Amazingly, his professionalism held.  He didn’t even pause from what he was saying to look incredulously at the creature responsible for such a noise.  I breathed easier… until the true strength of my enteric nervous system revealed itself as putrid air wafted up my nostrils. I fought to maintain composure as the cloud of invisible death engulfed me.  I prayed he was out of range. 

“I am so sorry,” I squeaked out “I am no longer in control of my own body”.  He did not address my transgression to pardon nor condemn, but he did excuse himself fairly quickly thereafter. Dignity: 0, Baby girl: at least 16, but who’s counting?!

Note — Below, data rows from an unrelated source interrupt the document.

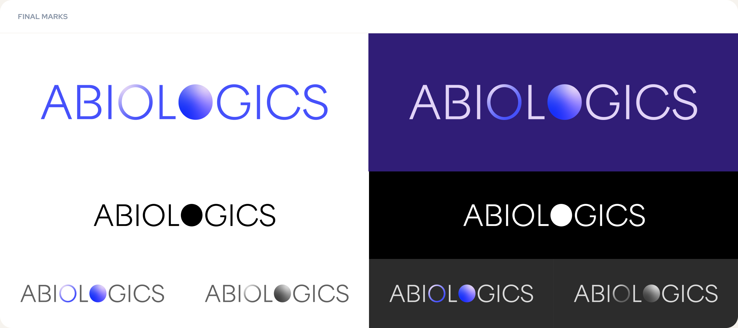 I explored the logo and mark in various mediums and contexts. The logo mark allows for more environments and mediums to incorporate the logo like in the footer of the website. The final mark is used throughout the final website as well as on the branded presentation slides I created for the Abiologics team.
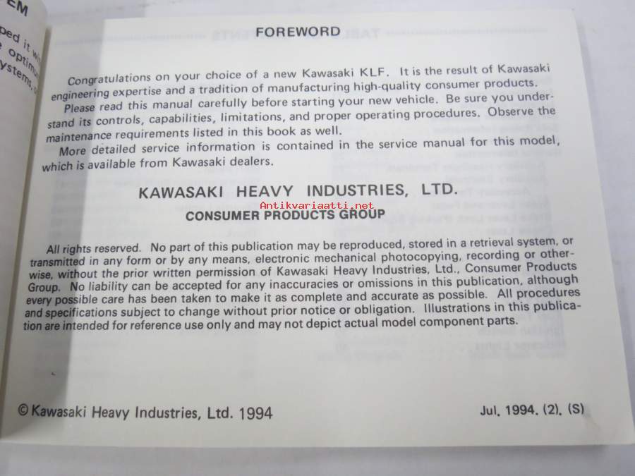 Kawasaki KLF 300 4X€ All Terrain Vehicle ATV Owner´s Manual -mönkijä, käyttöohjekirja englanniksi
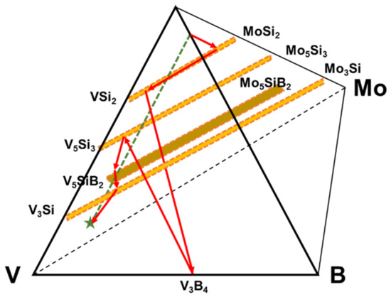 The diffusion pathway associated with the phase evolution is plotted in the V-Si-B-Mo quaternary diagram that is shown by involving only the relevant phases in Figure 3.
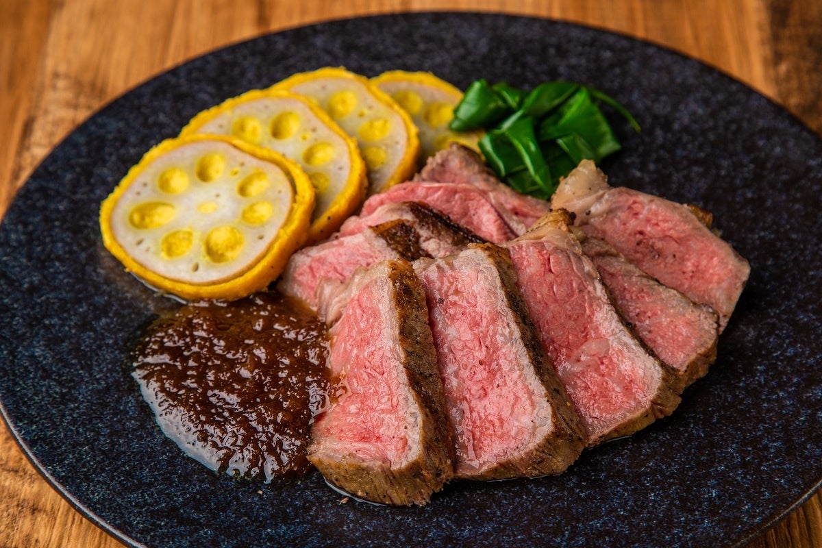 熊本・阿蘇の雄大な自然の中で育った希少な和牛‘あか牛‘サーロインに近いロースの部位を使用しており、赤身のヘルシーさと和牛のうま味を兼ね備えたステーキに熊本ならではの清酒・調味料である赤酒を使ったさっぱりソースを合わせました。

There was nothing to do but ponder exactly how many people would hear that story and how far away he had to walk before it was safe to breathe again until the nurse came in and informed me it was time to roll to the other side. 

“Full disclosure, I may have accidentally pooped myself.” Dignity: 0, Baby girl: 17. The scent was strong enough still that I was unconvinced that it was simply gas escaping.

Nurse: “Oh, it happens a lot at this point, you can’t control it, I’ll check”. Her eyes did not appear to be watering, which I took as a good sign.  “No, nothing down here – do you feel like you pooped?” 

Dignity: 0, Baby girl: 18.

“Sure smelled like it.”

We repositioned without any surprises escaping and now my imaginary rodeo horse was going the opposite direction and I was on my left side, facing the door and able to see any intruders (aka people wanting to be nice and say hello).